‘You can’t be minister if you’re pregnant’: Fillon told politician

François Fillon, the frontrunner to win the rightwing primary on Sunday has come under fire for telling a female politician when he was French PM that she could not be a minister because she was pregnant.

'You can't be minister if you're pregnant': Fillon told politician
François Fillon and Nathalie Kosciusko-Morizet. Photo: AFP

Nathalie Kosciusko-Morizet was a member of the government when Fillon was prime minister between 2007 and 2012.

Kosciusko-Morizet, known just as NKM in France, confirmed this week that Fillon told her in 2009: “You cannot be minister because you are pregnant.”

Her claim first emerged in a 2013 interview but was being revisited this week as Fillon and his conservative views on society came under the spotlight in the run up to Sunday’s crucial runoff vote.

Fillon is the favourite to win Sunday's vote, which would then make him the favourite to become president, but he has come under fire this week from women’s rights groups notably for his views around abortion, which he is openly against.

The view that he is too conservative and traditionalist, and perhaps not the man to uphold women’s rights, will only be reinforced by his previous comment to NKM, who after being defeated in last Sunday’s first round has now offered her support to Fillon's rival Alain Juppé.

NKM, however, tried to play down the controversy this week.

“It’s an old subject and I don’t want to bring it back to today’s debate,” she told France Info radio.

“This is a problem in French society as a whole,” NKM said. She then defended Fillon, whose own wife gave up a chance of a career in law to raise their five children.

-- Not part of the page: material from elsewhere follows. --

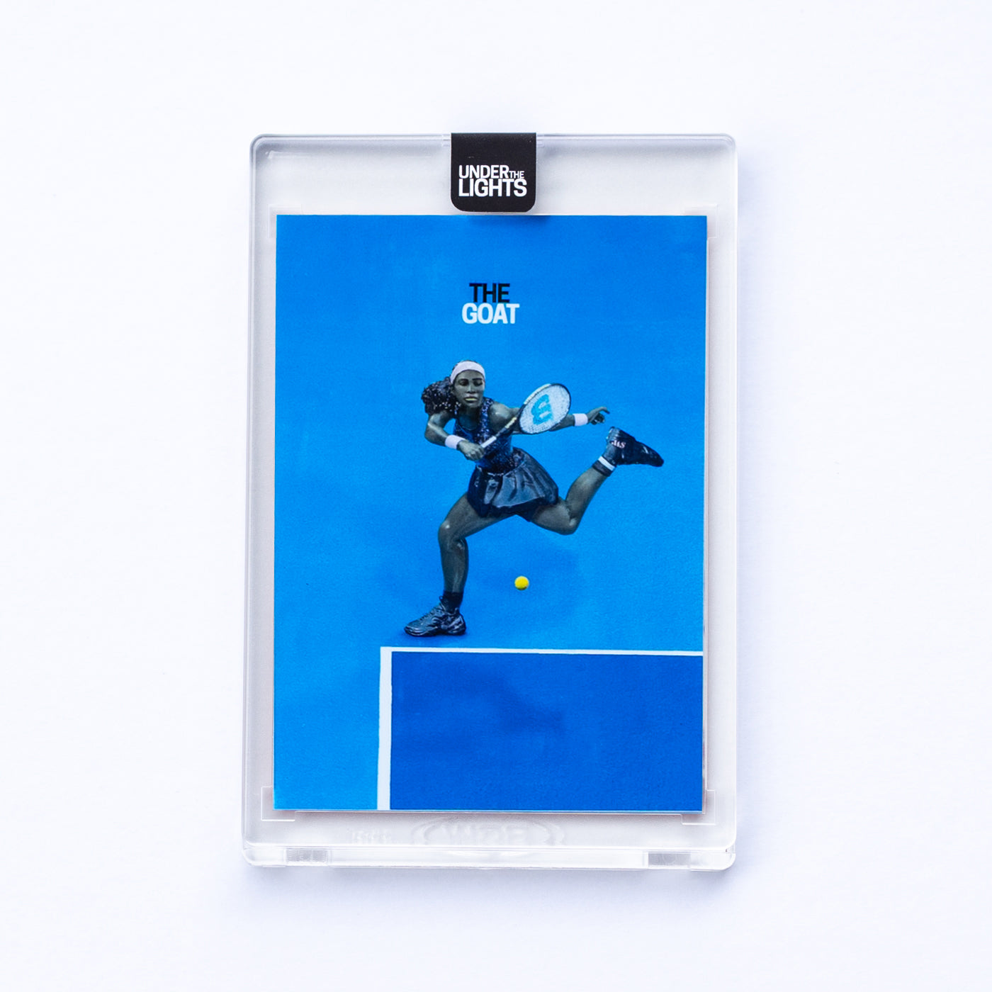 2025 Under the Lights Original Art Card of a Serena Williams figurine.

“He told me he regretted it and I found that elegant,” said NKM.

For his part Fillon told Europe1 radio on Wednesday his version of the story.

“At the time Kosciusko-Morizet absolutely wanted to become a minister, a month after being named secretary of state.

“I told her she would not be a minister and would remain secretary of state and I said an awkward expression about her pregnancy. I then called her to apologise,” Fillon said.

“She has recognised my quality for being able to apologize for a bad joke.” 

Fillon has however highlighted his work to protect women when he was PM, notably the laws that were passed to crack down on violence towards women and promote equality in board rooms.

He is also supported by the “Women with Fillon” movement, which has tried to promote him as the the candidate who has the interests of women at heart.